[INPUT Boundary: Start]

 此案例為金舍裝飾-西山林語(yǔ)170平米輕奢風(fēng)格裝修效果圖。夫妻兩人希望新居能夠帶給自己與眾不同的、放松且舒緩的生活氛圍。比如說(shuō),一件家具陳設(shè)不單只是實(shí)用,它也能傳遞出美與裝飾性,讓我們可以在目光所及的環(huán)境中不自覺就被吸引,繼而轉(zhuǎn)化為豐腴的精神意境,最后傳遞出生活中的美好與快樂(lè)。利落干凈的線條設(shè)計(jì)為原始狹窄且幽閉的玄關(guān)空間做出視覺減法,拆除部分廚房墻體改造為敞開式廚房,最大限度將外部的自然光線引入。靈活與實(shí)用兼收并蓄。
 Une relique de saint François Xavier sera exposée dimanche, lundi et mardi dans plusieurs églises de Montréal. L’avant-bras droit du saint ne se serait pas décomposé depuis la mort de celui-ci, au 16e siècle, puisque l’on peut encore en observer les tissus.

[INPUT Boundary: End]
[INPUT Boundary: Start]

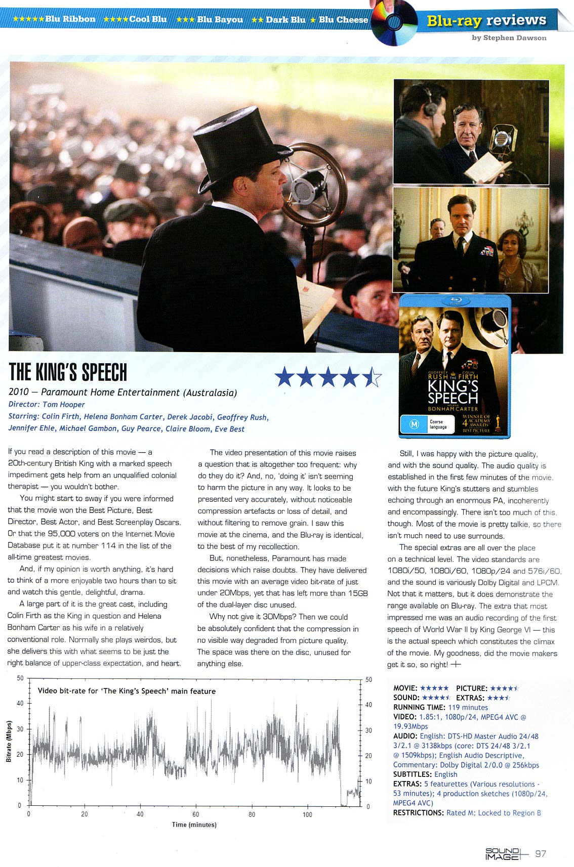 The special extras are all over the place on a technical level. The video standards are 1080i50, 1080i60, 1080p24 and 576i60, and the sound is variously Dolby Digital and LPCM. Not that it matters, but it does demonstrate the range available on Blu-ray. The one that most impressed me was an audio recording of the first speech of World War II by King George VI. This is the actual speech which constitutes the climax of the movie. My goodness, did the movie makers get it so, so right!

[INPUT Boundary: End]

- HOW TO COMPLETE THIS TASK -
Of the entries listed above, reproduce only the lines starting at the line containing "此案例為金舍裝飾-西山林語(yǔ)170" and ending at the line containing "Une relique de". Include both, exactly as they stand.

- REPLY TO THE TASK -
 此案例為金舍裝飾-西山林語(yǔ)170平米輕奢風(fēng)格裝修效果圖。夫妻兩人希望新居能夠帶給自己與眾不同的、放松且舒緩的生活氛圍。比如說(shuō),一件家具陳設(shè)不單只是實(shí)用,它也能傳遞出美與裝飾性,讓我們可以在目光所及的環(huán)境中不自覺就被吸引,繼而轉(zhuǎn)化為豐腴的精神意境,最后傳遞出生活中的美好與快樂(lè)。利落干凈的線條設(shè)計(jì)為原始狹窄且幽閉的玄關(guān)空間做出視覺減法,拆除部分廚房墻體改造為敞開式廚房,最大限度將外部的自然光線引入。靈活與實(shí)用兼收并蓄。
 Une relique de saint François Xavier sera exposée dimanche, lundi et mardi dans plusieurs églises de Montréal. L’avant-bras droit du saint ne se serait pas décomposé depuis la mort de celui-ci, au 16e siècle, puisque l’on peut encore en observer les tissus.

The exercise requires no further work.